| PROBLEM TO SOLVE |
In the entries below, begin at the line that has "プレステージ限定のチャレンジ", stop after the line that has "Νωρίτερα, οι εργαζόμενοι", and output those lines exactly with no pictures.

[Source records]
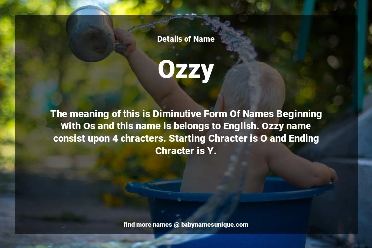 The name Ozzy is chosen by those who are willing to find Unique Boy Baby Names. The meaning of this is Diminutive Form Of Names Beginning With Os and this name is belongs to English Origin. Baby Name Ozzy consist upon 4 chracters. Starting alphabet is O and ending alphabet is Y. This name is used primarily by parents who are considering unique baby names for Boy. The Zodiac Sign suitbale for this name are;
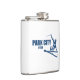 The flask itself is fine. It’s a cheap flask, obviously bought in bulk, however am prepared to overlook that. Given that it is a personalized item, I would have liked to have seen gift boxing instead of the generic packaging. Terrible printing, and/or quality. It’s a cheap, tacky vinyl. It is not cut straight and is also applied in a way that it is overhanging the bottom, causing the glue to catch on items and it will eventually roll and tear, damaging the wrap.
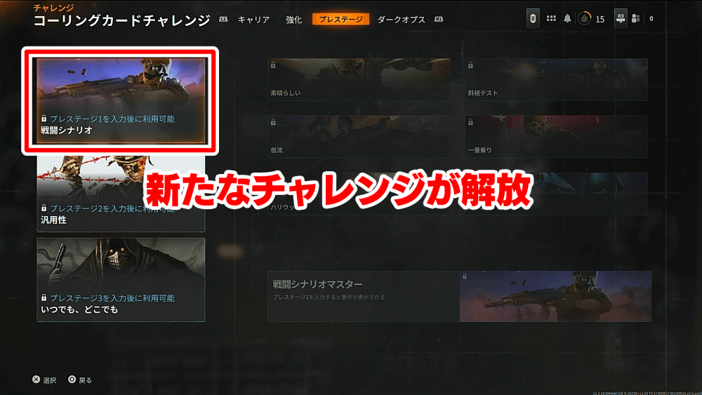 プレステージ限定のチャレンジが解放され、挑戦可能になる。条件を達成すれば、新たなコーリングカードが貰えるほか、経験値の獲得も可能だ。
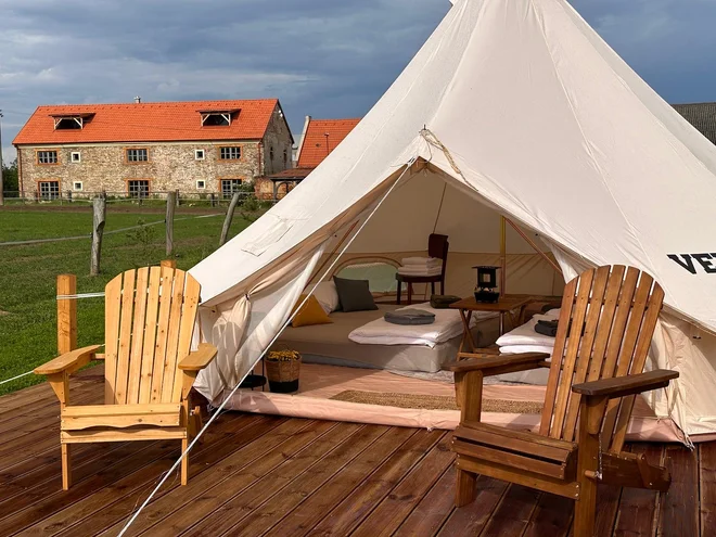 A aby to bylo dobrodružství jak se patří, ubytujete se ve stanu. Ovšem ne jen tak ledajakém – glampingový stan, to je luxusní příbytek s matracemi a peřinami, s elektrickými zásuvkami uvnitř a s dřevěnou terasou s posezením a ohništěm venku. Spát se vám tu bude náramně.
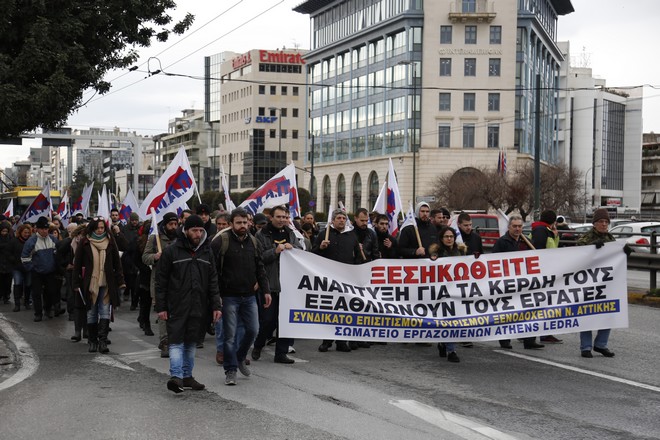 Νωρίτερα, οι εργαζόμενοι είχαν πραγματοποιήσει συγκέντρωση έξω από το ξενοδοχείο, στη Λεωφόρο Συγγρού και στη συνέχεια πορεία στο υπουργείο Εργασίας, στην οδό Σταδίου.
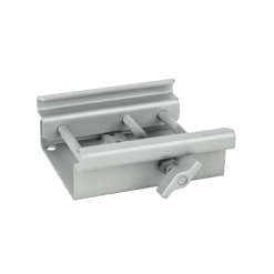 De Tent Clamp is uitgerust met M10, M12 en M14-schroefdraad, waardoor je eenvoudig ophangogen of klemmen kunt monteren en aanpassen aan je specifieke opstelling. Het slanke, zilveren ontwerp maakt de clamp geschikt voor zowel professionele evenementen als tijdelijke installaties.
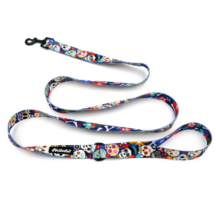 Dog Leash Dia de los Muertos width 2.5 cm, 1" wide, black snap hook 6 cm
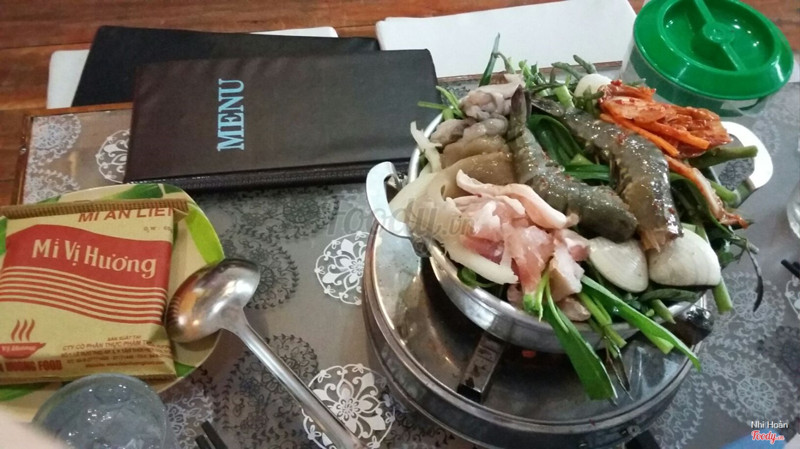 8.0Lẩu kim chi 99kNước lẩu dùng theo mình là khá ngon, đậm mùi kim chi. Lẩu gồm có tôm sú, nghêu, cá viên chiên và thịt của một loại cá nào đó mà mình ko biết mà ăn thì rất ngon ko tanh tí nào. ...View more

| TASK ANSWER |
 プレステージ限定のチャレンジが解放され、挑戦可能になる。条件を達成すれば、新たなコーリングカードが貰えるほか、経験値の獲得も可能だ。
 A aby to bylo dobrodružství jak se patří, ubytujete se ve stanu. Ovšem ne jen tak ledajakém – glampingový stan, to je luxusní příbytek s matracemi a peřinami, s elektrickými zásuvkami uvnitř a s dřevěnou terasou s posezením a ohništěm venku. Spát se vám tu bude náramně.
 Νωρίτερα, οι εργαζόμενοι είχαν πραγματοποιήσει συγκέντρωση έξω από το ξενοδοχείο, στη Λεωφόρο Συγγρού και στη συνέχεια πορεία στο υπουργείο Εργασίας, στην οδό Σταδίου.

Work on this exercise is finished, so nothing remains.